• **What the exercise asks**
With the pictures omitted, transcribe each line below exactly as it is.

Top of Information provided

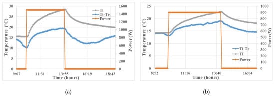 Variation of indoor and outdoor temperature while heating: (a) 4 hours heating at 1500 W; (b) 4 hours heating at 900 W; (c) 2 hours heating at 1500 W.
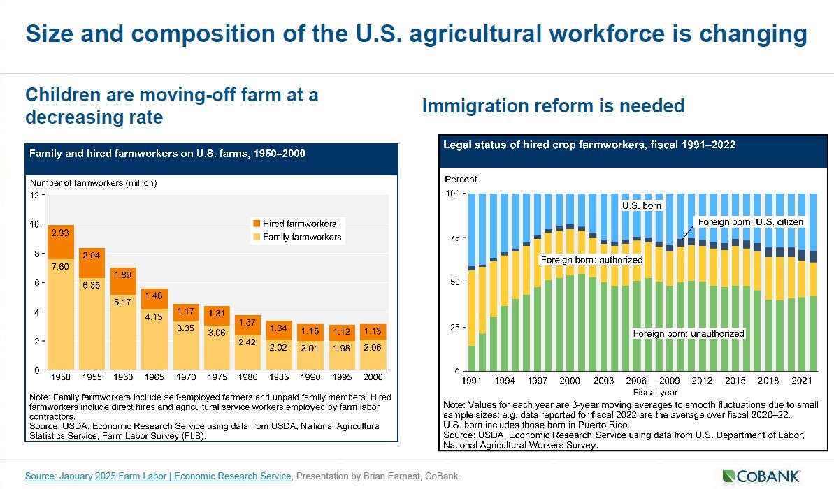 In the 1950s, about three-quarters of farm labor came from family members. Today, Earnest said, that share has dropped to roughly one-third, forcing farms to depend on non-family and often foreign workers.
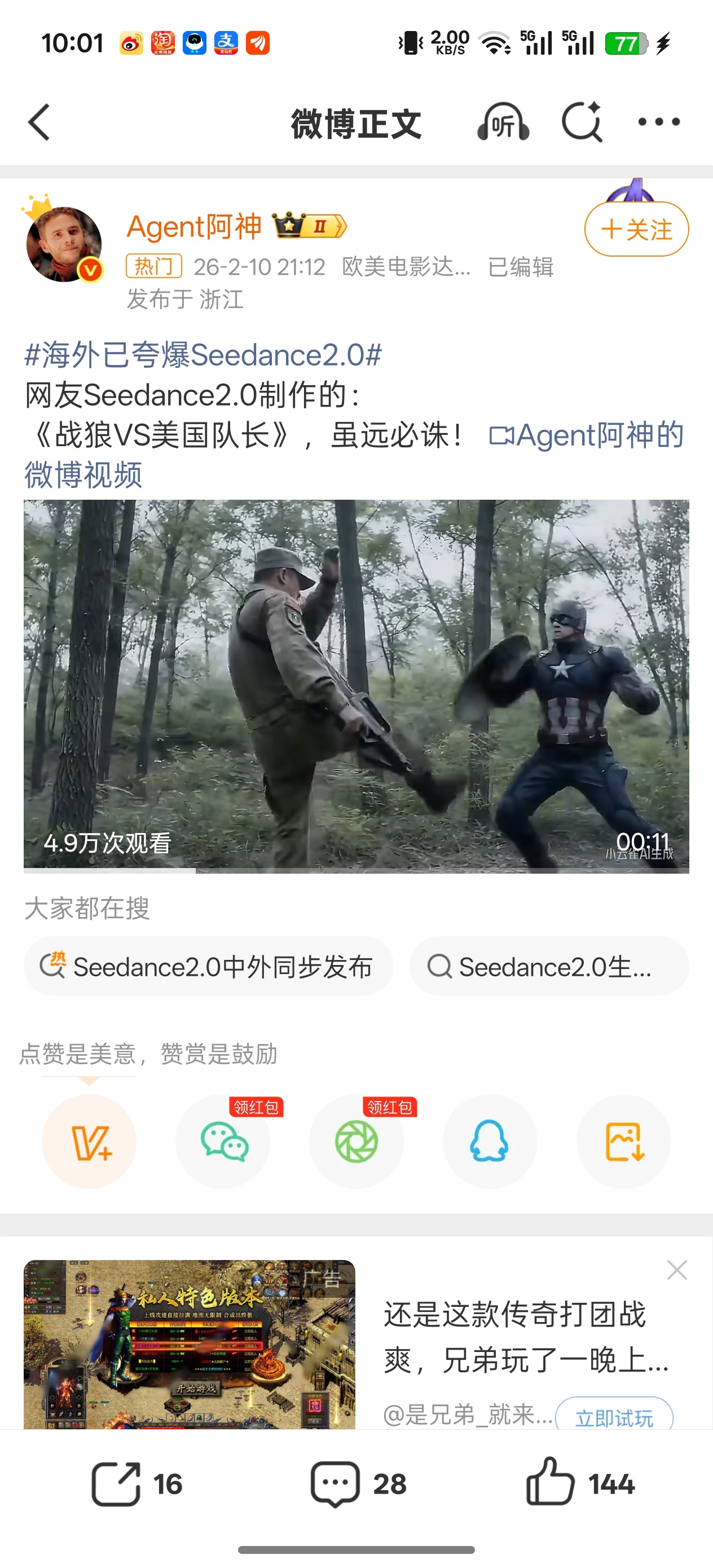 $博纳影业(SZ001330)$ 即梦2.0如果你还没听说过,那外网的热搜seedance2.0你一定能看到。已经有牛人用它制作出战狼大战美国队长了
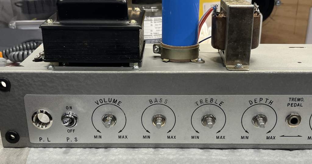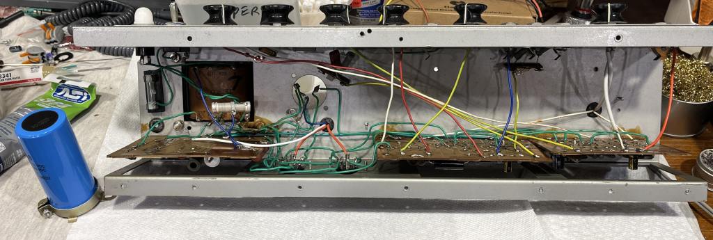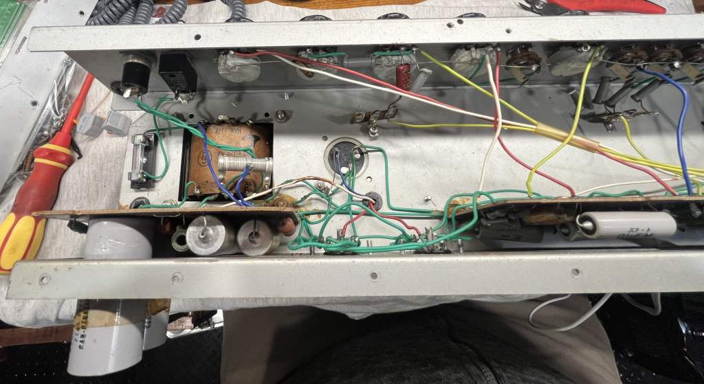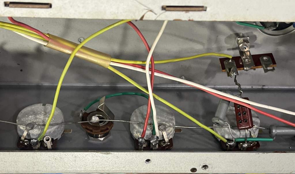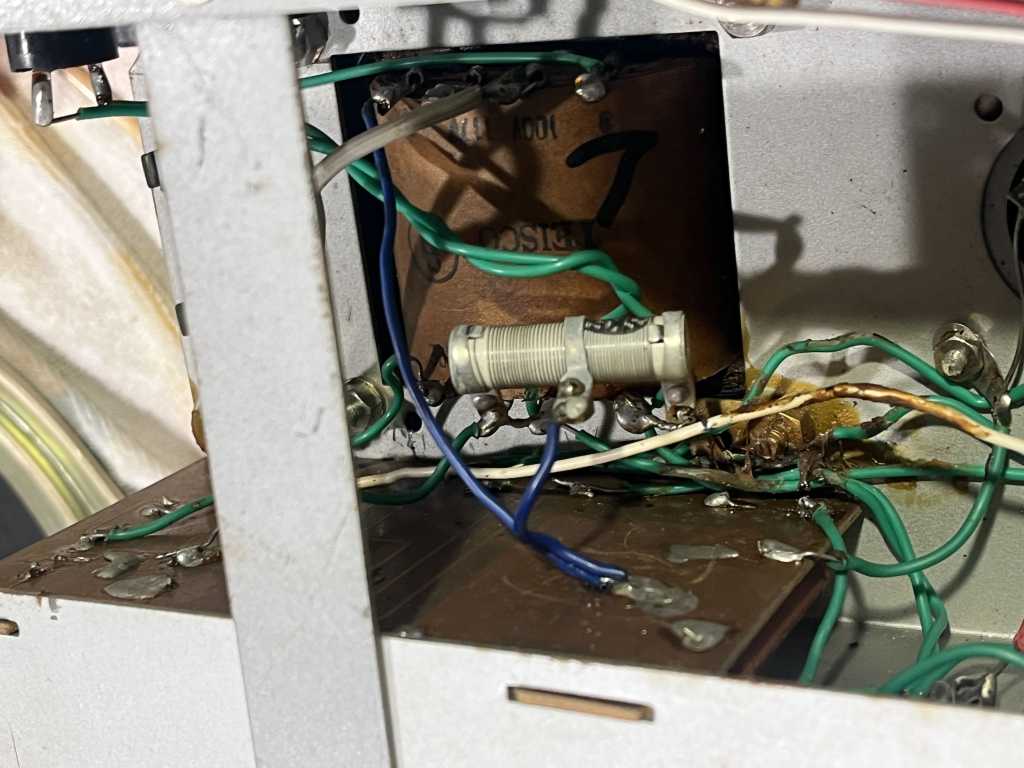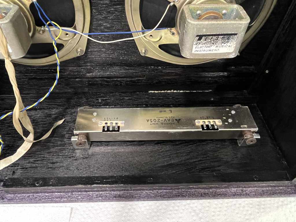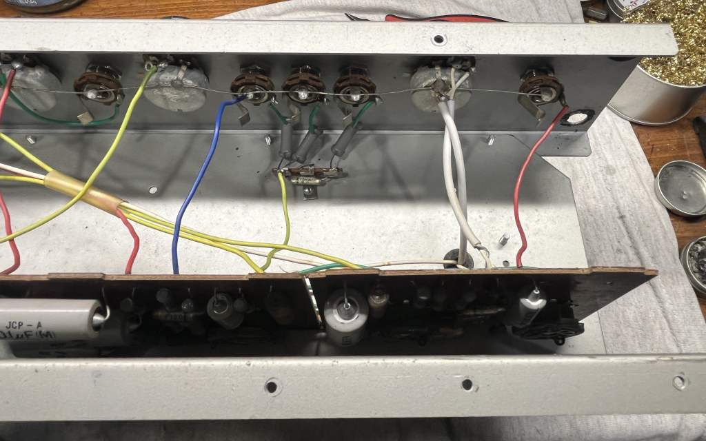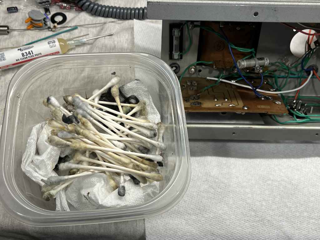 Original pre-amp tubesOriginal 6BQ5 output tubesOriginal 50uf x 2 filter capInstalling new polypropylene capacitorsCreating a 3uf capacitor3uf /350v capacitor replacementLots of Acetone and cotton swabs to clean the old flux off the back of the boards.New 50×2 capacitorUltrasonic cleaning the knobs, jack nuts and washersPolishing up the nuts and washersPolishing the knobsDelaminating plywoodDelaminating plywoodUsing a syringe with wood glueLots o’ clamps and glueMore glueing down tolexBlack tinted shellac to refresh the interiorTrying to lessen the stains in the grill clothSpeakers look great!Reverb tank looks in ok shapeAging a replacement handleDying the white handle threadsTwo new handles, one relicedSanding off the corrosion and topcoat paintEmblem ready for clear Lacquer

Bottom of Information provided

• **Written answer**
 Variation of indoor and outdoor temperature while heating: (a) 4 hours heating at 1500 W; (b) 4 hours heating at 900 W; (c) 2 hours heating at 1500 W.
 In the 1950s, about three-quarters of farm labor came from family members. Today, Earnest said, that share has dropped to roughly one-third, forcing farms to depend on non-family and often foreign workers.
 $博纳影业(SZ001330)$ 即梦2.0如果你还没听说过,那外网的热搜seedance2.0你一定能看到。已经有牛人用它制作出战狼大战美国队长了
 Original pre-amp tubesOriginal 6BQ5 output tubesOriginal 50uf x 2 filter capInstalling new polypropylene capacitorsCreating a 3uf capacitor3uf /350v capacitor replacementLots of Acetone and cotton swabs to clean the old flux off the back of the boards.New 50×2 capacitorUltrasonic cleaning the knobs, jack nuts and washersPolishing up the nuts and washersPolishing the knobsDelaminating plywoodDelaminating plywoodUsing a syringe with wood glueLots o’ clamps and glueMore glueing down tolexBlack tinted shellac to refresh the interiorTrying to lessen the stains in the grill clothSpeakers look great!Reverb tank looks in ok shapeAging a replacement handleDying the white handle threadsTwo new handles, one relicedSanding off the corrosion and topcoat paintEmblem ready for clear Lacquer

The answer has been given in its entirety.